Firstly, there's the issue of the kinds of entites that you deal with who have addresses: suppliers, customers, contacts, employees, and so on. Where ever possible, I tend to put all these entities into one table, with a generic name such as "clients." By putting any person/company you deal with in the one table, it makes it very easy to search, assign addresses, make/receive payments, and assign connections between them.
In many cases, one "client" can have multiple roles (e.g. an employee can also be a customer, or a supplier can also be a shipper), which suggests a many-to-many relation between Clients and Roles. You may also need to handle formal and/or ad hoc groupings of clients (e.g. the contacts for a business, members of a committee, and so on.) For a broad discussion of how this could be modelled, see:
People in households and companies - modelling human relationships
at:
http://allenbrowne.com/AppHuman.html
One you have all these entities as "clients", you can then address the question of how you handle addresses. In some cases, it would make sense to create an Address table, so you have a many-to-many relation between clients and addresses. In other scenarios, that would be overkill, and a one-to-many relation between clients and address would suffice.
The one-to-many (client-to-address) relation might be strictly less normalized, but if you have defined the groupings between clients adequately, you may be able to derive some addresses from the kinds of relationships that exist between the clients.
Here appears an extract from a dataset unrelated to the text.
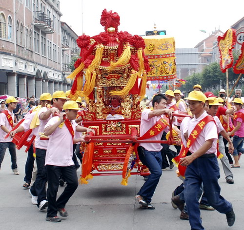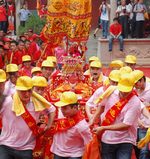 當(dāng)日,福建泉州舉行“2010溫陵媽祖會”祈福祭祀活動,兩岸信眾匯聚泉州參加在此舉行的媽祖巡安踩街民俗活動及大型仿古祭祀儀典。新華社發(fā)(顏財斌 攝)

For example, if John Smith works 2 days a week for Acme Corp, and 2 days a week for MM Corp, and you have the suitable addresses for these 2 companies, then you can derive the correct work address to use for John when you deal with him in one context, and the other address when you deal with him in the other context. This has some advantages over just assigning 2 work addresses to John himself.
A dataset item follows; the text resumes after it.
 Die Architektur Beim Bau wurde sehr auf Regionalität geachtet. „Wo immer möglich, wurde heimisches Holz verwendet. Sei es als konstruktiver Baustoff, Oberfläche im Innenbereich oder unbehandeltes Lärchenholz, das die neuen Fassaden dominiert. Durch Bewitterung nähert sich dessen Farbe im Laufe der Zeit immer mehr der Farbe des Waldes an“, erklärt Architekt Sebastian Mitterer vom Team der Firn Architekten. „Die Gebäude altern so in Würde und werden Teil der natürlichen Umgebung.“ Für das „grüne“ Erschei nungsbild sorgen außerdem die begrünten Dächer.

Hope that gets you thinking in some useful directions.
--
Allen Browne - Microsoft MVP. Perth, Western Australia
Tips for Access users - http://allenbrowne.com/tips.html
Reply to group, rather than allenbrowne at mvps dot org.
"Chris Morley" <morleyc@xxxxxxxxx> wrote in message
news:1194170467.940647.62390@xxxxxxxxxxxxxxxxxxxxxxxxxxxxxx
Hi, i have found out as i have developed the database i've ended up
with a number of tables that have the same attributes.
For instance, my suppliers and customers have the same fields for the
address. Would it make more sense to create an additonal table and to
reference the addressID in the address table?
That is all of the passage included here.